I saved grep for last because grep deserves the attention. grep is one of those tools that probably deserves its own spot in history, like sed or rsync. It’s just that powerful.
You probably know what grep does — screens through streams of text and spits out matching results. So at its most basic,
grep Text file.txt
should highlight lines in file.txt that match “Text” … simple, isn’t it?
grep makes it simple, that’s for sure. Have three files and you’re not sure where something is?
grep Text file-01.txt file-02.txt file-03.txt
grep finds it, adding the name of the file on the front, whenever “Text” appeared.
So what else can grep handle? How about numbering results, so I don’t have to pick through lines by hand?
grep -n Text file.txt
Yes, numbers! But wait, the numbers are the lines “Text” appears in, not the number in the list. Keep that in mind.
There’s another option that might not seem valuable. Here’s the -o
flag, which plays havoc on my test file.
grep -o ie test.txt
Output looks like this:
ie ie ie ie
Well that’s dumb. Or not. Here’s the same thing with the line numbering option:
grep -on ie test.txt
And you get:
36:ie 54:ie 97:ie 100:ie
So sometimes, for example on long lines of text, maybe I don’t care about the actual output, only the line it appears on. Easier to find typos, I should think.
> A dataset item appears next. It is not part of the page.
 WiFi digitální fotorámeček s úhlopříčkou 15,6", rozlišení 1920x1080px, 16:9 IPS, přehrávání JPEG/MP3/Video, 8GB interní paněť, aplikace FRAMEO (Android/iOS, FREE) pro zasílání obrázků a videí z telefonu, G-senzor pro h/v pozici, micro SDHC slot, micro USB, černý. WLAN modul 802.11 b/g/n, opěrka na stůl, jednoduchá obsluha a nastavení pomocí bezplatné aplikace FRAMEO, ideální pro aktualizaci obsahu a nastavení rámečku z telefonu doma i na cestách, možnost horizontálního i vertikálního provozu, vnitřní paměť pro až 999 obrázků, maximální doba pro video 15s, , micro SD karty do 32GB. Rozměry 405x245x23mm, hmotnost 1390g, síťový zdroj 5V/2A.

What’s next … how about -A
, -B
and -C
. A will show lines after the matching string, B shows before the string, and C is sort of a combination of A and B. Ergo,
grep -A2 ie test.txt
yields:
coefficients guildhall customs -- energies slurring benight -- ladies infringements meets metier
Note that the second and third lines in each set there don’t necessarily contain the “ie” pair, but I asked that they be included. grep adds the double dashes.
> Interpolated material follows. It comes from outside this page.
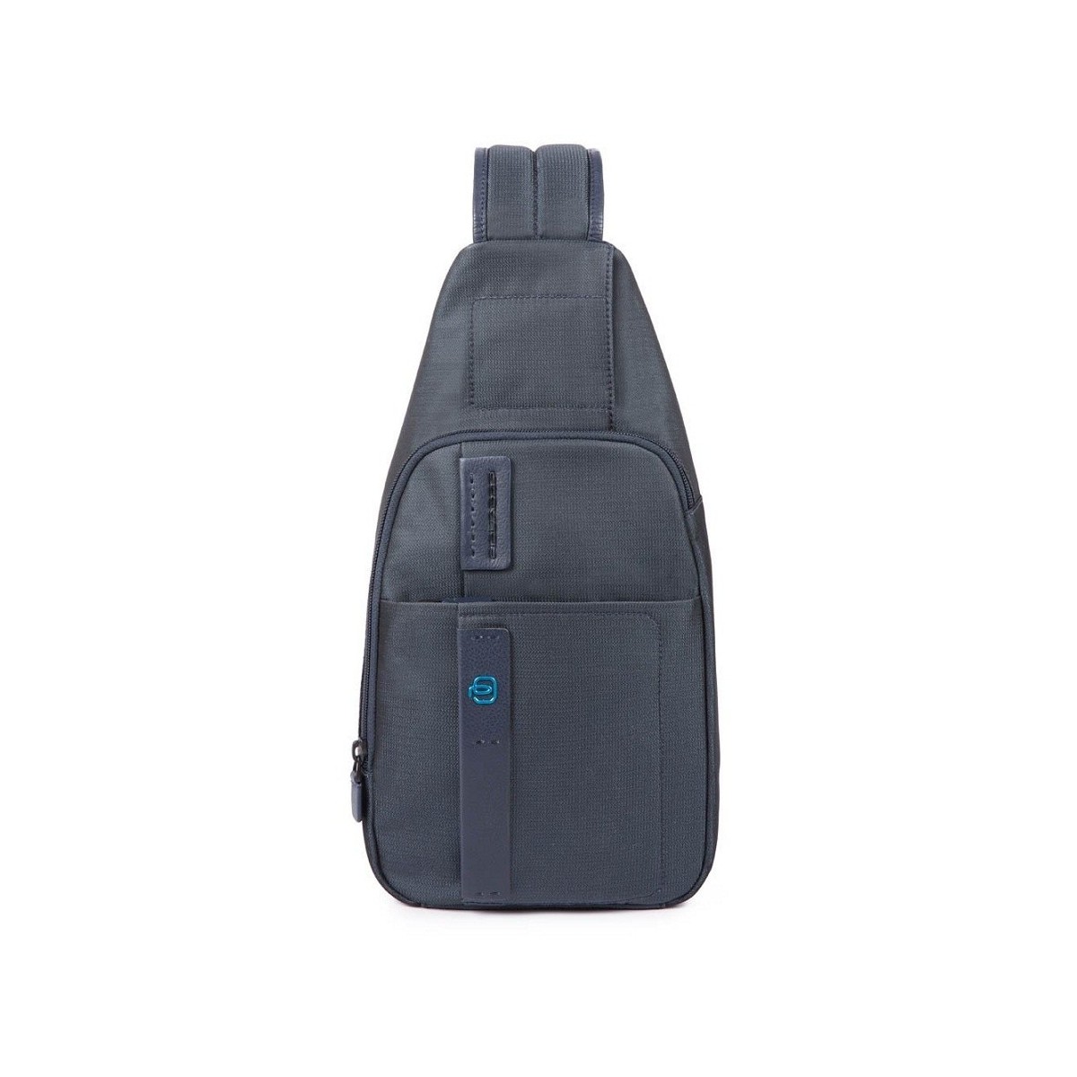 Man shoulder bag in blue fabric with PAD collection door. The Pulse P16 line is characterized by the combination of materials with different textures, which enhances the original design of the collection: soft calfskin combined with different types of fabric to satisfy any taste. All accessories are in an elegant matt black finish.

And that last line, “metier”? Where’s its following couple? Nowhere. That’s the end of the file, and it’s only three lines after the word “ladies,” so it appears to be a string of four.
Probably the most important flag is -v
for the simple reason that it reverses the results — instead of finding matches, grep reports nonmatching lines. To wit:
grep -vn e test.txt
And the results include …
78:bursty 82:lobby 83:harrows 85:skulk 91:propyl 93:cowling 94:tracy 95:unflagging
And so forth, with no letter “e” in a line.
grep comes into play a lot more than I would think. The Index page for this site is built off a massive XML export, and I need grep to skim through it all and find the links.
Or, here’s a list of movies, skimmed to find anything from the 1940s.
grep 194 list-01.txt
Yielding …
Fantasia (1940) It's a Wonderful Life (1946) Notorious (1946) The First of the Few (1942) The Great Dictator (1940)
Try piping directory lists through grep; it might be easier to handle than ls
at times. I’ve seen other sites that use grep in conjunction with find as a kind of screen that displays directory paths. Clever.
I should mention that grep comes with egrep
and fgrep
, the former handling regular expressions more deftly than the -E
flag for regular grep. The latter is a “faster” grep, and might be more useful for those really, really big searches.
One more flag, and I’m done. You guessed it: --color
!
Nothing is complete without color. 😉
Your brace expansion is technically being handled by the shell, not grep. I mention it because it might be confusing to new users.
Yes, that’s a bad example, actually. I should edit that to a list of files, instead of the range. Thanks for the catch.